Markdown is different. Markdown files are plain text files, meaning that they can be created and edited using text editors (like NotePad on Windows or TextEdit on Mac). The biggest difference between Markdown files and Word documents is that formatting Markdown documents occurs in the document itself rather than behind the scenes. So to make something boldface you have to tell Markdown to do that by putting two **asterisks** on either side of the word or phrase. Italics is done by putting one *asterisk* around the text. Hyperlinks are written like this: [Hyperlinks](https://en.wikipedia.org/wiki/Markdown). These are just a few of the many formatting options you can include in a Markdown document. We’ll learn about options like headers, lists, mathematical symbols and equations, and figures later in this tutorial and throughout the semester.

As you’re writing, the text won’t look bold or italic or whatever (this is not ‘what you see is what you get’, it’s ‘what you see is what you type’). The formatting only shows up when you render the Markdown file to create another type of document (pdf, html, even Word). The nice thing about Markdown is that because it uses standard ways to express specific formatting options, you can convert your documents into different output formats very easily.

What is R Markdown?

In this course, we will use a specific ‘flavor’ of Markdown called ‘R Markdown’. R Markdown gives us all of the formatting options available for Markdown plus the ability to embed, display, and run R code in our documents. By mixing R code with plain text, we can create dynamic reports that replicate the analytical processes, show the code underlying these processes, create the output from our analysis (figures, summary statistics, etc.), and provide all of the necessary text explanations to go along with the code and output.

This will be particularly important for assignments in the remainder of this class. As we perform more advanced statistical models, it will be necessary to interpret the results. R Markdown will allow us to run the code for the models in the document, and include text for interpretation. This will be much easier to read than including long comments in our scripts. Likewise, being able to include things like italics, boldface, sub and superscripts will make interpretation easier and much nicer presentation.

You may have figured this out by now, but if you haven’t: Everything in this class so far has been produced using R Markdown. You can see the source material for this course at my GitHub Page. GitHub is a place where you can store your R-projects (and other coding projects). A detailed description of Git and GitHub is beyond the scope of this course, but if you are going to grad school or get a job which involves lots of coding and collaboration, I highly recommend you spend the time to learn Git on your own.

Why use R Markdown

R Markdown has many advantages compared to creating reports in Word or GoogleDocs. These advantages include:

  1. Versatility- Want to convert a Word document into pdf? That’s not too hard. But pdf to Word? That’s a pain. PDF to HTML? Maybe you know how to do that but I don’t. With R Markdown, we can change between these formats (or produce multiple outputs at once) with a few lines of code). You can even convert them into pretty nice slide shows.

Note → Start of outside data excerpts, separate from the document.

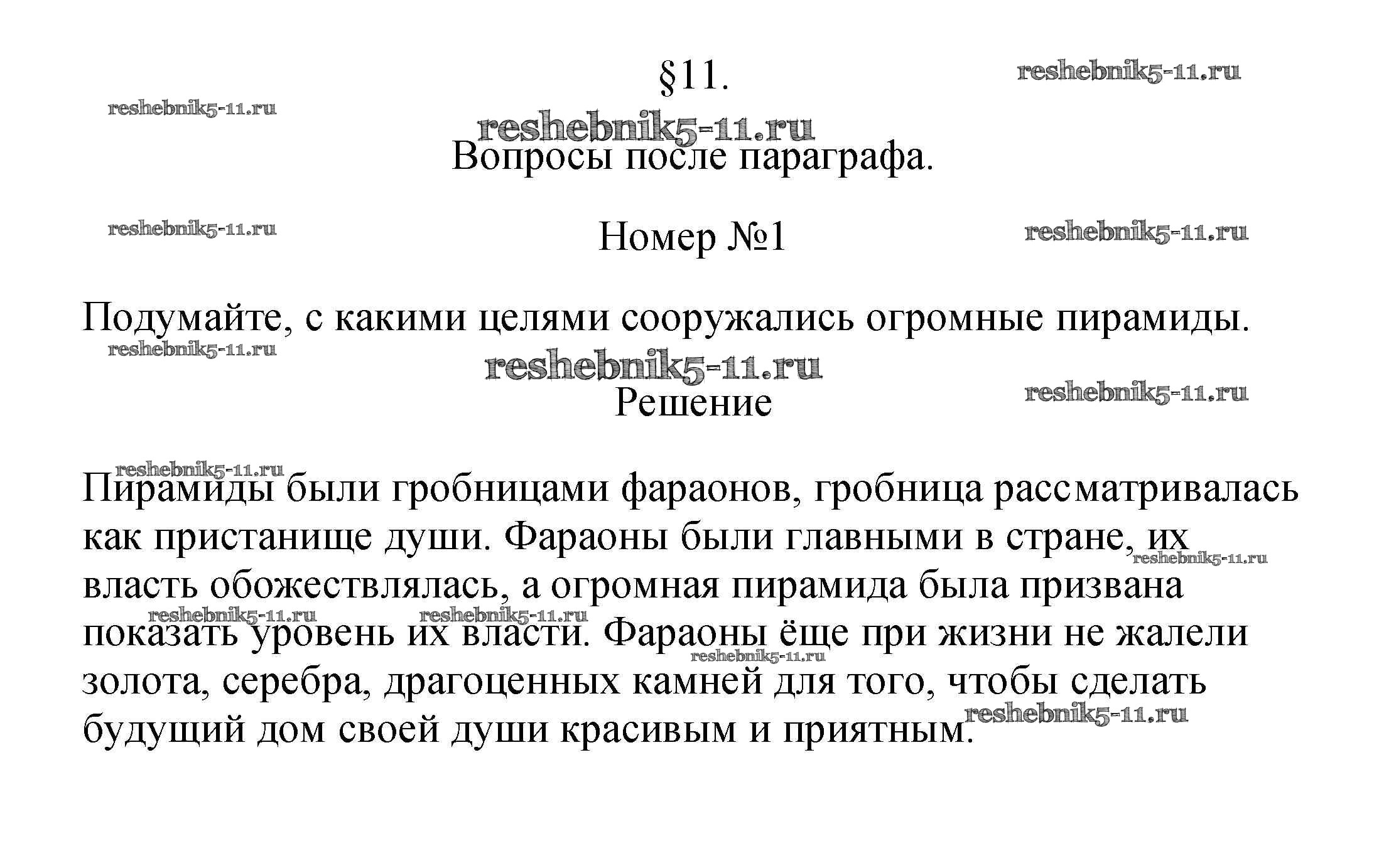 Готовая домашняя работа с ответами по Истории за 5 класс Вигасин, Годер, Свенцицкая Учебник Просвещение 2015 ФГОС - §11. Искусство Древнего Египта 1
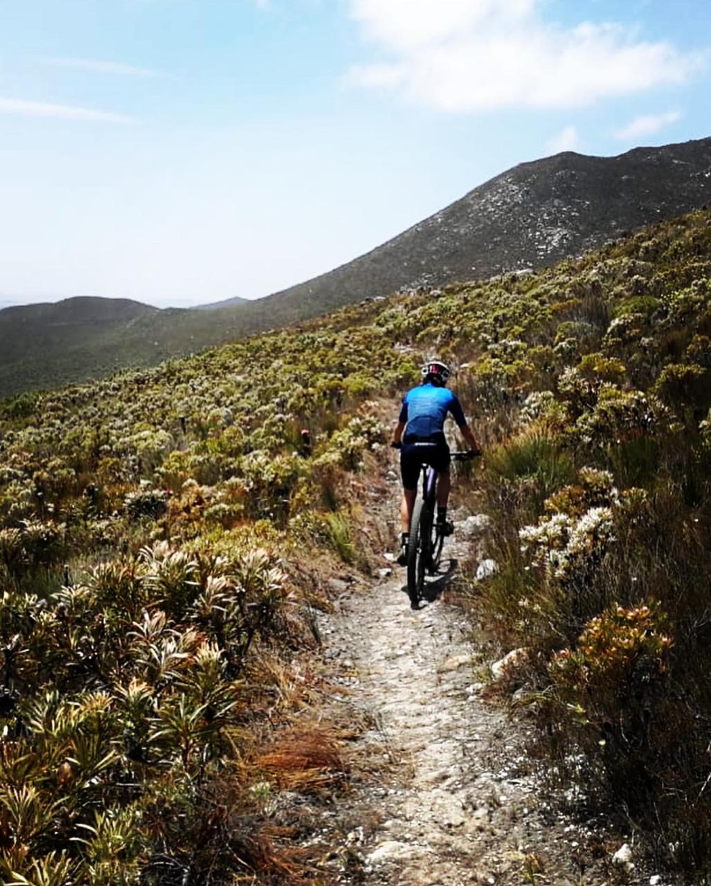 We will start the gradual climb up to the new single track named “Slipstream”, after Elsabe de Villiers, which runs along a beautiful section of undiscovered territory on the Stanford Valley Farm, and took a decent amount of time to build because of rocky sections and a few bridges. It is awesome and special with a few switchbacks joining up to the old jeep track again. If you are scared of heights - just keep pedalling and focus 10 meters ahead #adrenalinrush. We even got Reinder Nauta impressed by this.
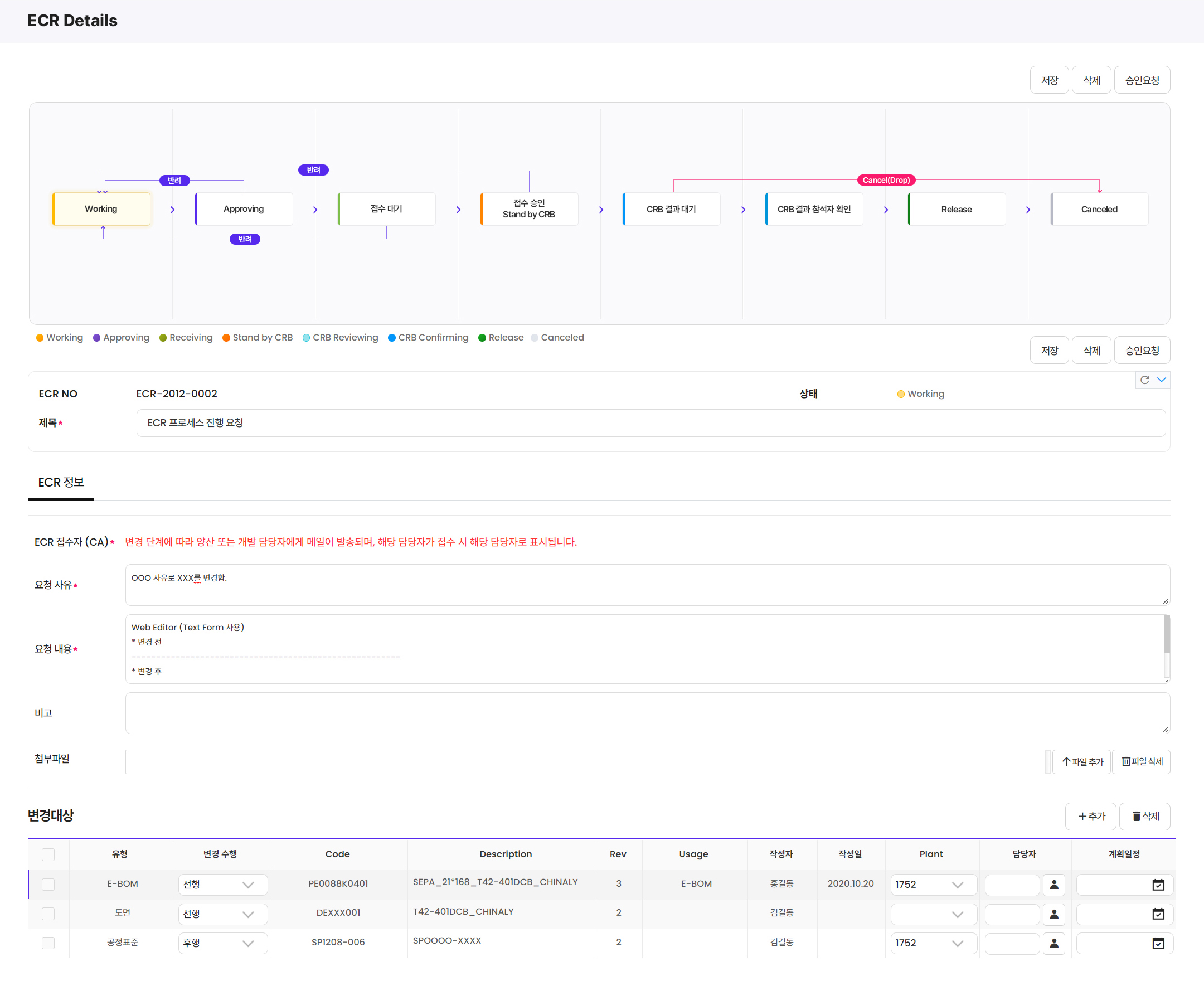 - ECRO, ECO, CRB, CCB 등의 변경 관리 프로세스를 지원

  2. Embed code in text - After running an analysis, how do you get your results into Word? Type them by hand? Copy-and-paste? Both are a pain and error prone. Rerun your analysis using new data? Oops, now you have to copy and paste those new results and figures. With R Markdown, we embed code directly into the text so results and figures get added to our reports automatically. That means no copying and pasting and updating reports as new results come in is pain free. I cannot emphasize enough how convenient this is. This will certainly save you time in the future.

  3. Annotate your code - Using the # is great for adding small annotations to your R scripts and you should definitely get in the habitat of doing that. But sometimes you need to add a lot of details to help other users (or your future self) make sense of complex code. For instance, in future assignments in this class interpreting the results of statistical analyses will become more detailed and complex. Writing this in R Markdown will be much easier, and reading the html document will be easier for me to grade! R Markdown allows you to create documents with as much text and formatting as you need, along with the code.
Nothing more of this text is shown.